Kernpunkte der Initiative

  • Gesundheit: Ausländer ohne ständigen Wohnsitz müssen geplante Behandlungen über eine Krankenversicherung oder einen Dritten finanzieren. Die Abrechnung erfolgt über das SAMO (Sistema de Atención Médica Organizada).
  • Bildung: Die staatlichen Provinzuniversitäten können Gebühren für grundständige Studiengänge erheben.

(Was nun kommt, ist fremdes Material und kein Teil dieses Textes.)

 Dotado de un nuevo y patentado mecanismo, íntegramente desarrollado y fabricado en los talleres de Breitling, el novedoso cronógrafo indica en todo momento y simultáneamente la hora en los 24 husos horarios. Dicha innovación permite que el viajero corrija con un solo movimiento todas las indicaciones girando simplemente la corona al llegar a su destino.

Jede Hochschule legt Höhe und Zahlungsmodalitäten selbst fest.
  • Garantierte Ausnahmen: Notfälle oder lebensbedrohliche Situationen dürfen nicht abgewiesen oder verzögert werden. Auch Opfer von Menschenhandel und Impfungen aus Gründen der öffentlichen Gesundheit sind ausgenommen.

Die eingenommenen Mittel sollen in die Verbesserung der Krankenhäuser und Hochschulen fließen, etwa für Medikamente und Verbrauchsmaterial, ohne neue Bürokratie zu schaffen.

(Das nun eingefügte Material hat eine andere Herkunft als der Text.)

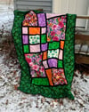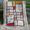 I first made this quilt using a panel with 2 large pictures and 2 smaller ones, those are the two fall-ish quilts. The light colored one has fat quarters for the large blocks. You can use a large scale print for the larger blocks and coordinating fabrics for the smaller rectangles. Or if you can find the right one, such as Jaftex' Safari Sights, a panel could work. You could also make it scrappy, using up coordinating “leftovers”!
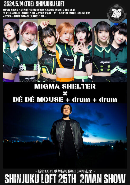 SCHEDULE 2024 05 14 Tuesday 〜新宿LOFT歌舞伎町移転25周年記念〜 『SHINJUKU LOFT 25TH 2MAN SHOW』 OPEN 18:15 - START 19:00 Tweet MIGMA SHELTER DÉ DÉ MOUSE + drum + drum TICKETADV¥4500 / DOOR¥未定(DRINK代別¥600) [発売] eplusプレオーダー 4月4日(木)18:00〜4月11日(木)23:59まで eplus一般 5月4日(土)12:00〜 SHARE
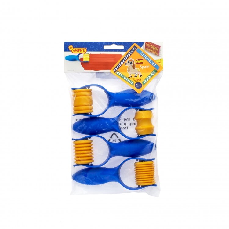 Фигурные валики-роллеры для работы с пластилином и пастой для моделирования. Помогают придавать текстуру и объем вашим поделкам. Валики будут незаменимы при работе с детским тестом JOVI. Как пользоваться валиками-роллерами? Раскатайте пласт теста или пластилина и проведите роликом по прямой от края до края пласта. Получившийся узор можно обрезать стеком или резаком JOVI.

Nationaler Kontext und die Stadt Buenos Aires

Der Provinz-Entwurf reiht sich in eine ähnliche Initiative ein, die im März 2026 von der Abgeordneten Pilar Ramírez in der Stadt Buenos Aires vorgestellt wurde. Sie sieht ein Rückforderungssystem für geplante Behandlungen in Krankenhäusern der Hauptstadt vor.

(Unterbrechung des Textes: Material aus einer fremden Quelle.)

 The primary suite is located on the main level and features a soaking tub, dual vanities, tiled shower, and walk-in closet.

Laut Regierungskreisen, die unter anderem von TN und Clarín zitiert werden, erwägt die Casa Rosada ähnliche Maßnahmen auf nationaler Ebene. Der Präsidentenberater Santiago Caputo soll Interesse an dem Vorschlag gezeigt haben; es wird spekuliert, dass ein nationaler Abgeordneter einen entsprechenden Entwurf einbringen könnte.

Der Unterstaatssekretär für Hochschulpolitik, Alejandro Álvarez, erinnerte daran, dass das DNU 366/2025 (Dringlichkeitsdekret), in Kraft seit dem 28. Mai 2025, den nationalen Universitäten bereits erlaubt, von ausländischen Studierenden ohne ständigen Wohnsitz Gebühren zu verlangen. Bislang hat jedoch keine Hochschule diese Möglichkeit genutzt.

Die Debatte ist Teil einer Neuordnung staatlicher Prioritäten, mit dem Ziel, die Ressourcen der Provinz verantwortungsvoll zu verwalten. Die Initiative wird ein neues Kapitel in der Gesetzgebungsdebatte eröffnen – stets mit dem Fokus, humanitäre Hilfe in Notfällen zu gewährleisten und die öffentliche Verwaltung effizienter zu gestalten.